As if 'non-profit' schools haven't also profited tremendously from the market-distorting effect of federally guaranteed loans...? Only instead of the profit going to a capital investor, it goes to administrators and tenured faculty. The only question is who on campus has the power to seek and collect the profit – a shareholder, a dean, a faculty committee, a bondholder. It's not as if non-profit schools are run more efficiently than for-profits; if anything, the opposite.

The tension here is between education as a charitable endeavor (ie, Shakespeare enriches your soul) and education as a profitable endeavor (ie, credentialing, placement, job preparation). It is true that for-profits tend to emphasize the latter, but fewer and fewer non-profits are emphasizing the former.
So, you're on a GT board arguing for a liberal arts education? Bold strategy, cotton.
 
So, you're on a GT board arguing for a liberal arts education? Bold strategy, cotton.

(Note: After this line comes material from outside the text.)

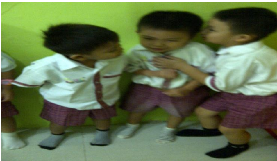
Gambar 2. Anak sedang membisikan salah satu nama hewan buas yang dilakukan secara berantai.
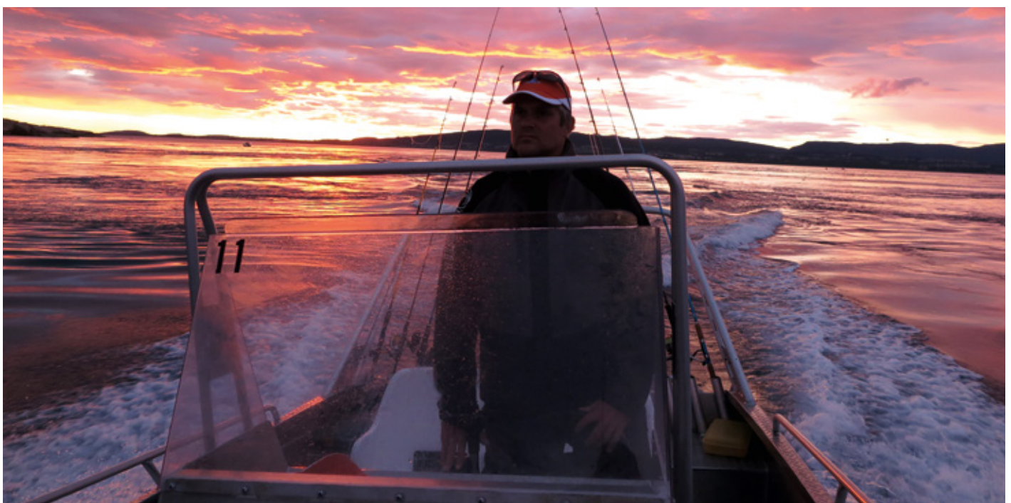
De zee leek wel van vloeibaar goud!

Just the opposite – but I am saying if you pitch yourself as preparing people to make money don't be surprised when people want to make money off it.
 
Maybe someone can tell me what is actually wrong with a for-profit school. I don't want specific school examples, I just want to know why people thumb their noses to them. Is it an ethical thing? Is it a money thing? I can never tell.
Many for-profit schools - esp ones that offer online degrees tend to admit anything with a pulse just to use the applicant/student to generate student loan income. Works like this: apply - routed to fin aid - get approved for federally-subsidized student loan - keep student in school as long as possible to continue income stream. Student/education is secondary consideration (if a consideration at all).